→ DATA SEGMENT

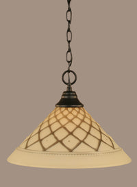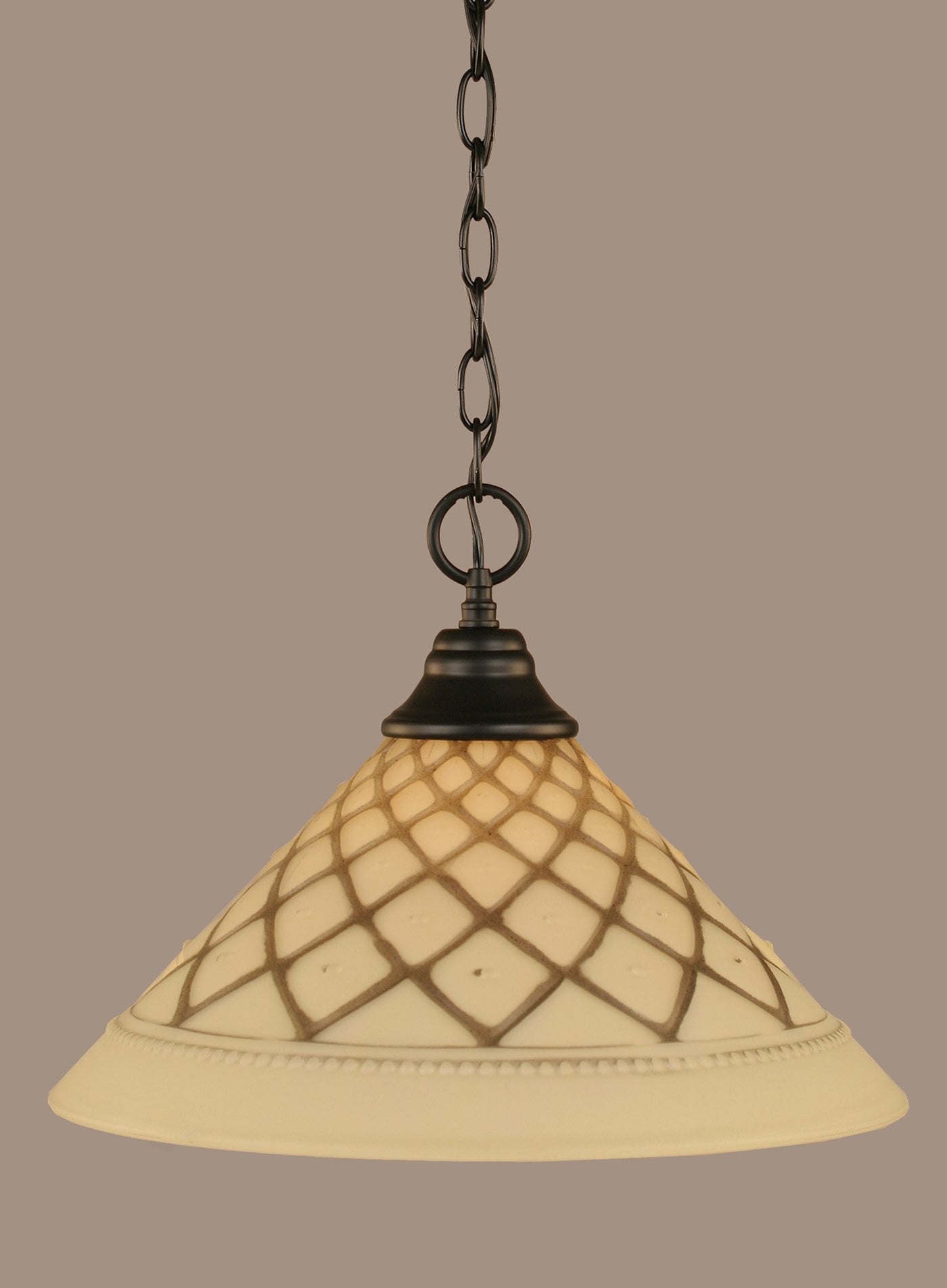 Toltec Lighting 10-MB-718 Chain Hung Pendant Shown In Matte Black Finish With 16" Chocolate Icing Glass. Rated for: Dry location. Light Bulb Data: 1 Medium 150 watt. Bulb included: No.
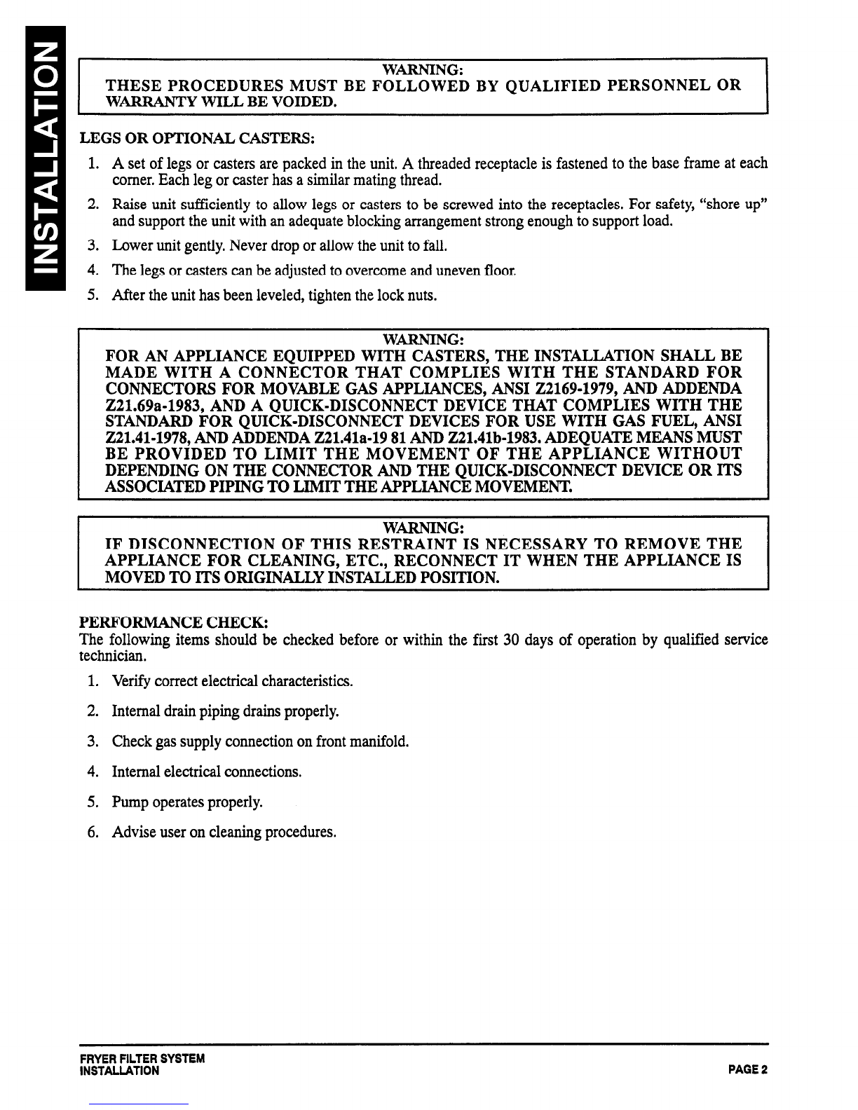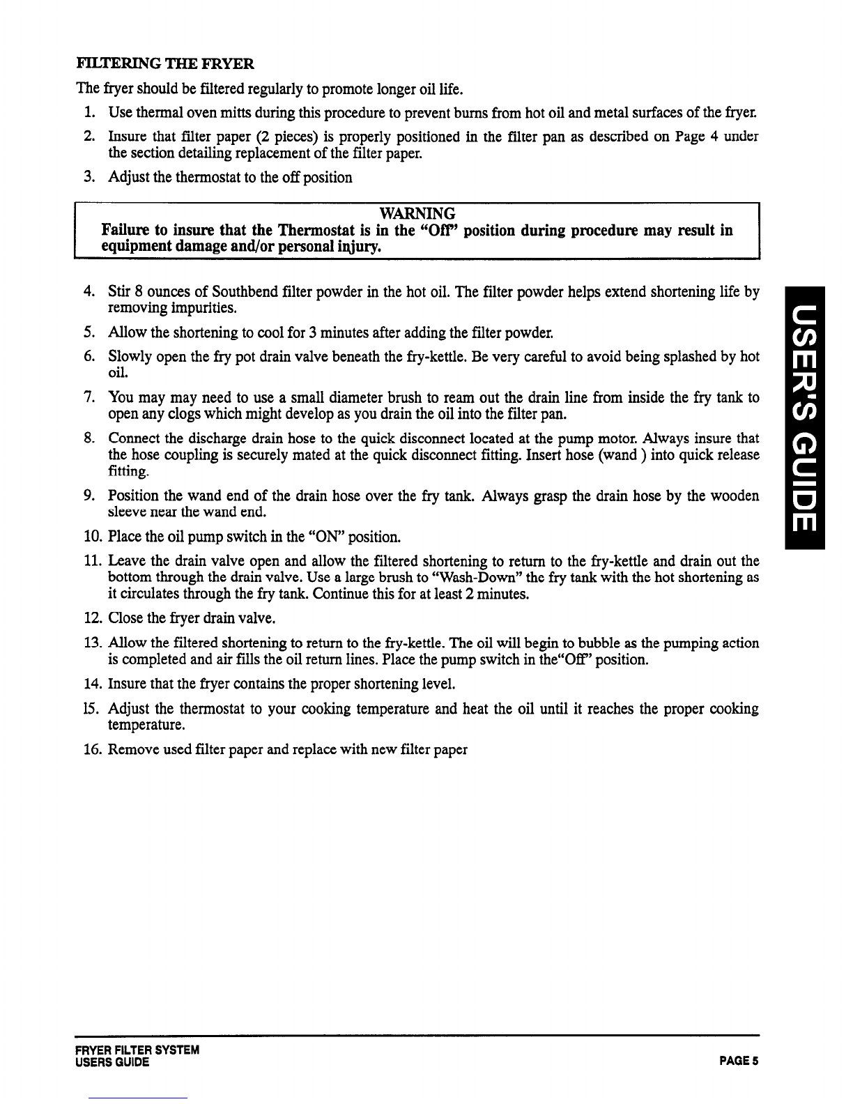 the fryer’s filter pan. Failure to insure that the fryer’s cook/filter switch is in the “Filter” position
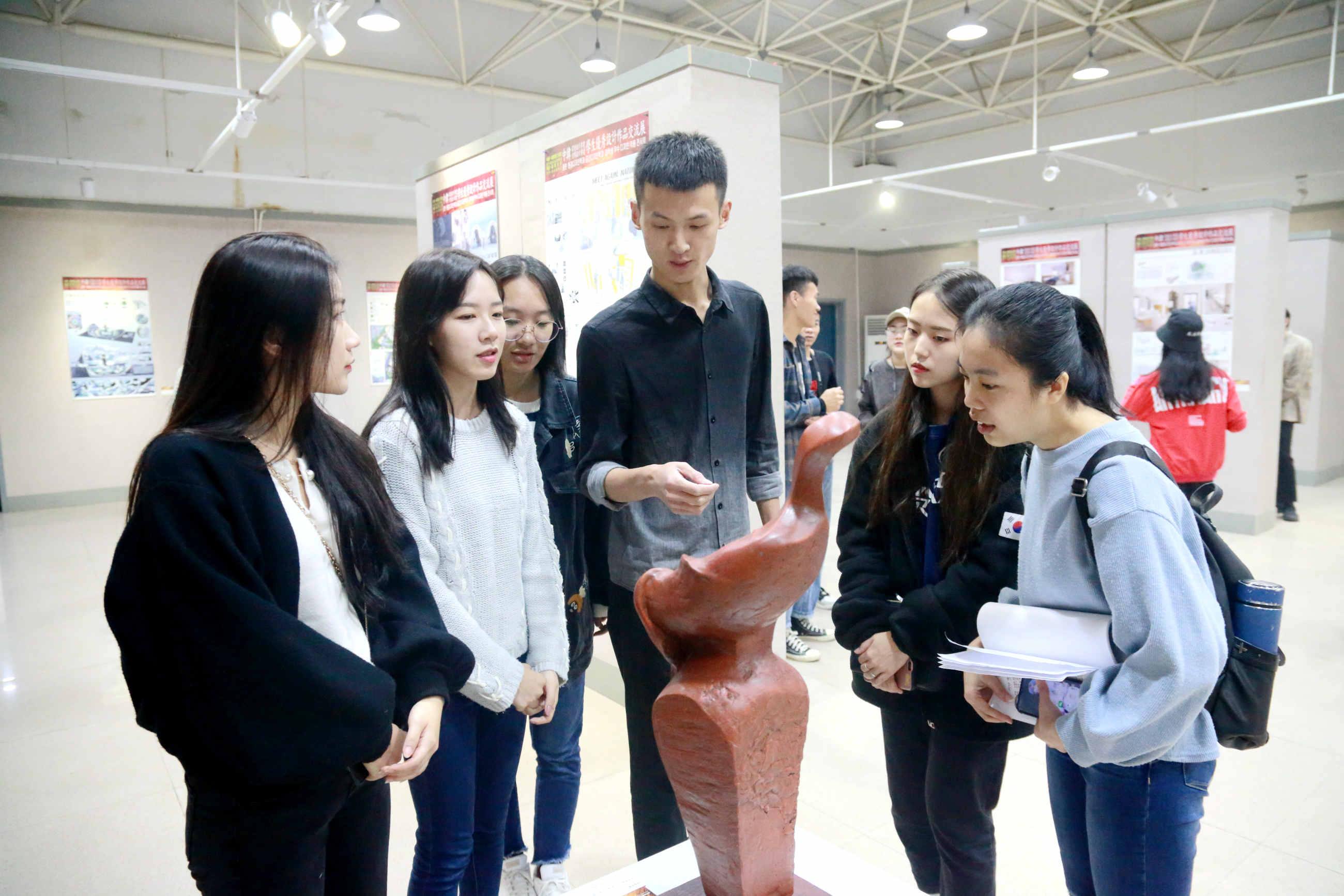 中韩两国师生在艺术作品交流展中互相学习共同进步。

→ WHAT THE EXERCISE ASKS
Please return the listing above exactly and leave every picture out.

→ REPLY
 Toltec Lighting 10-MB-718 Chain Hung Pendant Shown In Matte Black Finish With 16" Chocolate Icing Glass. Rated for: Dry location. Light Bulb Data: 1 Medium 150 watt. Bulb included: No.
 the fryer’s filter pan. Failure to insure that the fryer’s cook/filter switch is in the “Filter” position
 中韩两国师生在艺术作品交流展中互相学习共同进步。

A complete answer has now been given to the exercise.